Although there are other sources of funding, attaining a bank loan seems to be a common source of capital for entrepreneurs at some stage – whether it be initially during start-up, or later during the growth phase. Dave Simpson suggested thinking from a banker’s perspective. Understand the pain that bankers go through in determining whether to lend to you. Although bankers do want to see a business plan, they know that it is not going to work out exactly as you laid it out; however, they do want to see your assumptions and be able to change them as your plan changes. All bankers really want to do is see if your business plan passes the smell test: does it seem like a solid business idea that can generate reasonable returns? Help bankers read through the plan by summarizing key company milestones, show what your challenges might be and how you’re tracking them to deal with them head on.
Although the business plan does come into account, it is not the only metric that bankers use to determine whether they will lend to you. Bankers are also looking at your personal track record, and proven credibility: What have you done?

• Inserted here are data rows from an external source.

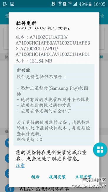 今天收到更新,有三星智付,很好,然后試了下。聯(lián)系系統(tǒng)也能盡快提升更新!
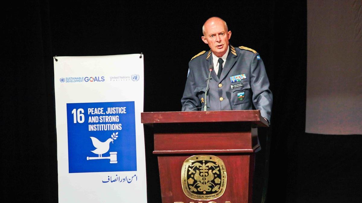 Major General Per Lodin, Head of Mission and Chief Military Observer (CMO), UN Military Observer Group in India and Pakistan’s (UNMOGIP’s) giving opening remarks at screening of documentary ‘A Journey of a Thousand Miles: Peacekeepers’
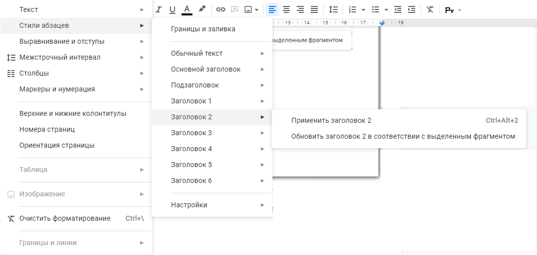 Также можно наложить заголовки в главном меню сервиса при выполнении команды «Формат» → «Стили абзацев»:
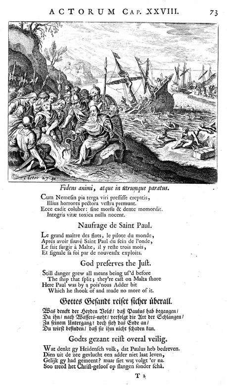 Description: Having shipwrecked on Malta (background), Paul sits by a fire and a snake leaps out to bite him.
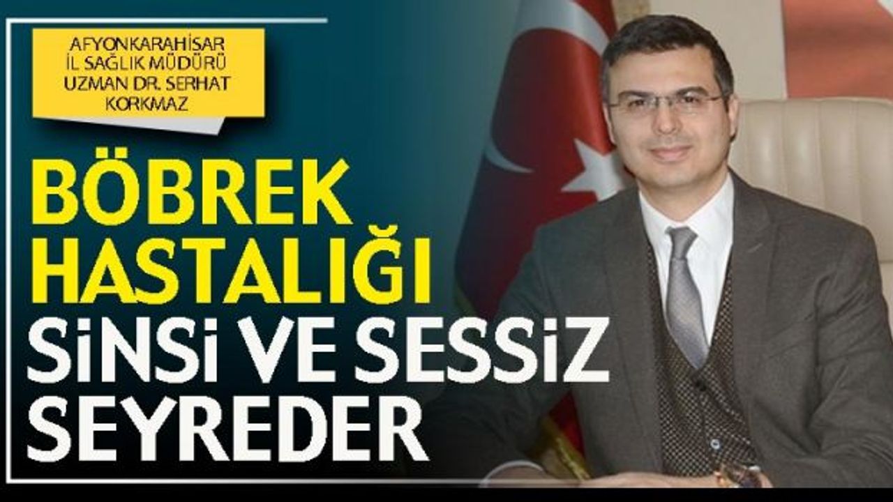 Afyonkarahisar İl Sağlık Müdürü Uzman Dr. Serhat Korkmaz, böbrek sağlığına dikkat çekerek, “Her yaşta görülebilen ancak yaş ilerledikçe görülme sıklığı artan kronik böbrek hastalığı erken teşhis edildiği takdirde, uygun bir tedavi yöntemiyle ilerlemesi engellenebilmekte ve ya yavaşlatılabilmekte ve yüksek ölüm riski azaltılabilmektedir” dedi.

Who do you know that has done this before? Get involved in your local community to show bankers that you’re not a “flight risk” (you’re not going to take their money and run). Overall know what bankers are motivated by and realize that they HAVE to say yes to some people – this is how they make money! Know what they’re looking for, anticipate questions, and prove that you’re worthy of their money.
Special thanks to the Entrepreneurship Club for organizing a fantastic event.